▸ YOUR ASSIGNMENT: Find the line containing "Dona gobierno de" in the entries below. Restate it and each line after it, word for word, up to and including the line containing "This study uses".

[Extracted records]
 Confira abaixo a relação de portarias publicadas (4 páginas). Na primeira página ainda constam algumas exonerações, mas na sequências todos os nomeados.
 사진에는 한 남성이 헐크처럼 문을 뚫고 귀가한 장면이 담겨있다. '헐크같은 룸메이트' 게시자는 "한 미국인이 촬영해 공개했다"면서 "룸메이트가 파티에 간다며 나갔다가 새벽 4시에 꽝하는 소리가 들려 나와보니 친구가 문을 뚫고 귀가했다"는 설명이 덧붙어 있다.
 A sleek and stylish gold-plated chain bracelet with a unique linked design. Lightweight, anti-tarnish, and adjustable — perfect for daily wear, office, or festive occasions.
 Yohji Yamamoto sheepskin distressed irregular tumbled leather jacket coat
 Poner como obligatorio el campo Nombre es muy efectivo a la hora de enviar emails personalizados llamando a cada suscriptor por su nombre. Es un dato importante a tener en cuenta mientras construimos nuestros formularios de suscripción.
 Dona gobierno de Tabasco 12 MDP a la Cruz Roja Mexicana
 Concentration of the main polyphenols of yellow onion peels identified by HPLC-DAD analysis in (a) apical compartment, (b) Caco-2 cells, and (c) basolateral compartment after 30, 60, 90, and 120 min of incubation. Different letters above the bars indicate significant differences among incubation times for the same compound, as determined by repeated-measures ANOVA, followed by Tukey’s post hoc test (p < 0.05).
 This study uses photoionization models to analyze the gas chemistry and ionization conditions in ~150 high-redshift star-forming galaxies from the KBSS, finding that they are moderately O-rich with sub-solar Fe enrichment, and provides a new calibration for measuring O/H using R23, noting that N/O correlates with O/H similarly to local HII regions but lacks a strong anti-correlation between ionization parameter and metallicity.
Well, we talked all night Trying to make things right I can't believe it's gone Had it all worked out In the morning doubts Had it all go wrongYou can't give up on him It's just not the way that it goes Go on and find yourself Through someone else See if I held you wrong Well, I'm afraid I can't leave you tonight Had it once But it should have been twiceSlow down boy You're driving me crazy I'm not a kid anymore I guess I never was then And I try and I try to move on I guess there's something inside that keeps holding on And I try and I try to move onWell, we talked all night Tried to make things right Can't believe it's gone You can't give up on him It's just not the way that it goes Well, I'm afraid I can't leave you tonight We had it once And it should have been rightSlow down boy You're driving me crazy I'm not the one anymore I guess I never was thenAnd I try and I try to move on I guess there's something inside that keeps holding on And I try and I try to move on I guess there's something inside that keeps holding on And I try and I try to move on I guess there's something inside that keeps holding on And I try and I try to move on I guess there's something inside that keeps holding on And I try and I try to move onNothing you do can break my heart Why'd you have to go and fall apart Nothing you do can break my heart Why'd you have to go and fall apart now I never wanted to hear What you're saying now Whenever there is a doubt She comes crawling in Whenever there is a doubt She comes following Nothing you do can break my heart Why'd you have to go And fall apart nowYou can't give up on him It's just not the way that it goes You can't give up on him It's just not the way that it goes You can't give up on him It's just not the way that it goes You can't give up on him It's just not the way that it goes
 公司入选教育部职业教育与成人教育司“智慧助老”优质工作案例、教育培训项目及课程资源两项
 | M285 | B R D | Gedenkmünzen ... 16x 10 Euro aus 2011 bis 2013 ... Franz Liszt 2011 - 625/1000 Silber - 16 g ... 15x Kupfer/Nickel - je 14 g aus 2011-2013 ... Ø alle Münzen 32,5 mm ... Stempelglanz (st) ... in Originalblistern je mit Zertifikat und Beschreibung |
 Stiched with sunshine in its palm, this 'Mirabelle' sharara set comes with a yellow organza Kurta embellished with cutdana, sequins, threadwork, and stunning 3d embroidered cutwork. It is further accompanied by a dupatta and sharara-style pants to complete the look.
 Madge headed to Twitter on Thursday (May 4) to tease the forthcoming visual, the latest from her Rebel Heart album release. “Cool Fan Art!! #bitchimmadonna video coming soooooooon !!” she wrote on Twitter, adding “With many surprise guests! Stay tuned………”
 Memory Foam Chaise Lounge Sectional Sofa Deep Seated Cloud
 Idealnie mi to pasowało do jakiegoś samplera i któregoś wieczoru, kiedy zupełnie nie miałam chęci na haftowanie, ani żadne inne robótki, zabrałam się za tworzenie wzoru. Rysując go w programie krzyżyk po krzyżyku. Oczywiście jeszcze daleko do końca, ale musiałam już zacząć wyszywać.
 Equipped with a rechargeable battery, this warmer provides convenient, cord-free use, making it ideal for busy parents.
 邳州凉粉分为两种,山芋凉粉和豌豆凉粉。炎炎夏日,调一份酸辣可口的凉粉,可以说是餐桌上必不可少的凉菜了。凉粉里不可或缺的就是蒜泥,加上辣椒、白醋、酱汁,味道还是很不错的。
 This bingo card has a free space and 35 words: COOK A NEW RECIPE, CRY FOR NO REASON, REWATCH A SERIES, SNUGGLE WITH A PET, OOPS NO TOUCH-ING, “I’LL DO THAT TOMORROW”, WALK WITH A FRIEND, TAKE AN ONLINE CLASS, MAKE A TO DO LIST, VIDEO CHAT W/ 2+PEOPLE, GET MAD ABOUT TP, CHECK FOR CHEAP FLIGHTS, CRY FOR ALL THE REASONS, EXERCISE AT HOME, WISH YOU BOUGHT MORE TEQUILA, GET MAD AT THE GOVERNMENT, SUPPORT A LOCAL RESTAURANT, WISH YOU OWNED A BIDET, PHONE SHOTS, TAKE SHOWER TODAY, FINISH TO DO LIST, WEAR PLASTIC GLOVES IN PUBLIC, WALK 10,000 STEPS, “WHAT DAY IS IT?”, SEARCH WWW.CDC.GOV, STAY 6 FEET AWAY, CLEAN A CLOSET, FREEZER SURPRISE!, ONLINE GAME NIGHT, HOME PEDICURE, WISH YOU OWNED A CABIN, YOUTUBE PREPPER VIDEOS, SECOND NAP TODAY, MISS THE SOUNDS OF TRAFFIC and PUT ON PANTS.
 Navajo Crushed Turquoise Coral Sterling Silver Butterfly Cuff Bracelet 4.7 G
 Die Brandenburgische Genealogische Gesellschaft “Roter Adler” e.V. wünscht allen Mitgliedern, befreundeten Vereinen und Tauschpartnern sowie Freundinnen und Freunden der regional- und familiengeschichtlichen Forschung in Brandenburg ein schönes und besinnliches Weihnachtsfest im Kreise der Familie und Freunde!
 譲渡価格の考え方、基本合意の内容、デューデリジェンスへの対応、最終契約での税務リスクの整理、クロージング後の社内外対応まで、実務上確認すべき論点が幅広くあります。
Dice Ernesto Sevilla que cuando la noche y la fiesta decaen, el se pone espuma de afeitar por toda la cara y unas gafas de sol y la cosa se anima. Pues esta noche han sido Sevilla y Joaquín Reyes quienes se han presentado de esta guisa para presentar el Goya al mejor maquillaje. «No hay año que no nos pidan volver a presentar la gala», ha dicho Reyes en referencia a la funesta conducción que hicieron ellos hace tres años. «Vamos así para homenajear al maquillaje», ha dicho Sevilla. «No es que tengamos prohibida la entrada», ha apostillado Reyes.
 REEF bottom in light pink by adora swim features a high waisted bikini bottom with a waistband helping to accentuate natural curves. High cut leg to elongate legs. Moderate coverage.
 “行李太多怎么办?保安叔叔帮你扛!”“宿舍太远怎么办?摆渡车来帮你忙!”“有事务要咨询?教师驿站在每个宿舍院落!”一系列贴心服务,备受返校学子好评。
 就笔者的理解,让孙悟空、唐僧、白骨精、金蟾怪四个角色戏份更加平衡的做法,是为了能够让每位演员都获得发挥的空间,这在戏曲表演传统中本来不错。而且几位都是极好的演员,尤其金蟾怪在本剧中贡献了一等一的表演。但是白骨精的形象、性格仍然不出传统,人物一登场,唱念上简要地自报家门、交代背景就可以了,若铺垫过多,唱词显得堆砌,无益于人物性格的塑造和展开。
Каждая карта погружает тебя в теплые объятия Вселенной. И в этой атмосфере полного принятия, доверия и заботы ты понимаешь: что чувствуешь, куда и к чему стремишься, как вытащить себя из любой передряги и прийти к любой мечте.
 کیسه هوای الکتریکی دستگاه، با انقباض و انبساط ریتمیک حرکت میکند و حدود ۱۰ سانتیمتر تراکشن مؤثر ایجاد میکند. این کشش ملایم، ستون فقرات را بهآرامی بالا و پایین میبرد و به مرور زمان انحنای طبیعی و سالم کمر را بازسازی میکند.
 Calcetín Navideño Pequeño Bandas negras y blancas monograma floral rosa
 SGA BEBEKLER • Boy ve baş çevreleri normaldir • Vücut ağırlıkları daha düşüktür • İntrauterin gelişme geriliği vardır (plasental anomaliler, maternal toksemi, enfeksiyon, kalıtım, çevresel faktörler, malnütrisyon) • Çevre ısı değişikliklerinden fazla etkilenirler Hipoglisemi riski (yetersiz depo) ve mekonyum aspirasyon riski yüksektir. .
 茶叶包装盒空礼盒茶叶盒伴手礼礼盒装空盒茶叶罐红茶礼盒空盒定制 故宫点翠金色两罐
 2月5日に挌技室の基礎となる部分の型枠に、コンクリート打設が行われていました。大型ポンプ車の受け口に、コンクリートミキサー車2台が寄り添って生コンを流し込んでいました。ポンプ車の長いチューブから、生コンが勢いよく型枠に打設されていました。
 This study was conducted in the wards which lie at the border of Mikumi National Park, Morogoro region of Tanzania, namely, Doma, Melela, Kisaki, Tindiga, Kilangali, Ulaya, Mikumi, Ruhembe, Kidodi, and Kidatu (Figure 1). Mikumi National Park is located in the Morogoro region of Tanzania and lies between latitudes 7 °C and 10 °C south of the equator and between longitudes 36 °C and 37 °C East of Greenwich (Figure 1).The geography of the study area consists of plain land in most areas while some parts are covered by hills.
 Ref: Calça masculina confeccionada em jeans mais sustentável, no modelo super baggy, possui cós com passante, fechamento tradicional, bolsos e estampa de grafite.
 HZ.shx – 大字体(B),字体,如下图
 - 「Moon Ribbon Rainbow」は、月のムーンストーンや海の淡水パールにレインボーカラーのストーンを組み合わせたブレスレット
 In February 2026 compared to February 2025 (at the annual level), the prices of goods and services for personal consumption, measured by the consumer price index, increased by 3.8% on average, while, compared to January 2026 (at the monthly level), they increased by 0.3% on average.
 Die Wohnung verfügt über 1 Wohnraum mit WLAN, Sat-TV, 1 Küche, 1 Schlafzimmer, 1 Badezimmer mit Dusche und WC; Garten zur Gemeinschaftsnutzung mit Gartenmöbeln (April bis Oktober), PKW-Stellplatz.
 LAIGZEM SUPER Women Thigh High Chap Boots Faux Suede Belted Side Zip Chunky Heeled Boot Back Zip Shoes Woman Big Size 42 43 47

▸ THE COMPLETED TASK:
 Dona gobierno de Tabasco 12 MDP a la Cruz Roja Mexicana
 Concentration of the main polyphenols of yellow onion peels identified by HPLC-DAD analysis in (a) apical compartment, (b) Caco-2 cells, and (c) basolateral compartment after 30, 60, 90, and 120 min of incubation. Different letters above the bars indicate significant differences among incubation times for the same compound, as determined by repeated-measures ANOVA, followed by Tukey’s post hoc test (p < 0.05).
 This study uses photoionization models to analyze the gas chemistry and ionization conditions in ~150 high-redshift star-forming galaxies from the KBSS, finding that they are moderately O-rich with sub-solar Fe enrichment, and provides a new calibration for measuring O/H using R23, noting that N/O correlates with O/H similarly to local HII regions but lacks a strong anti-correlation between ionization parameter and metallicity.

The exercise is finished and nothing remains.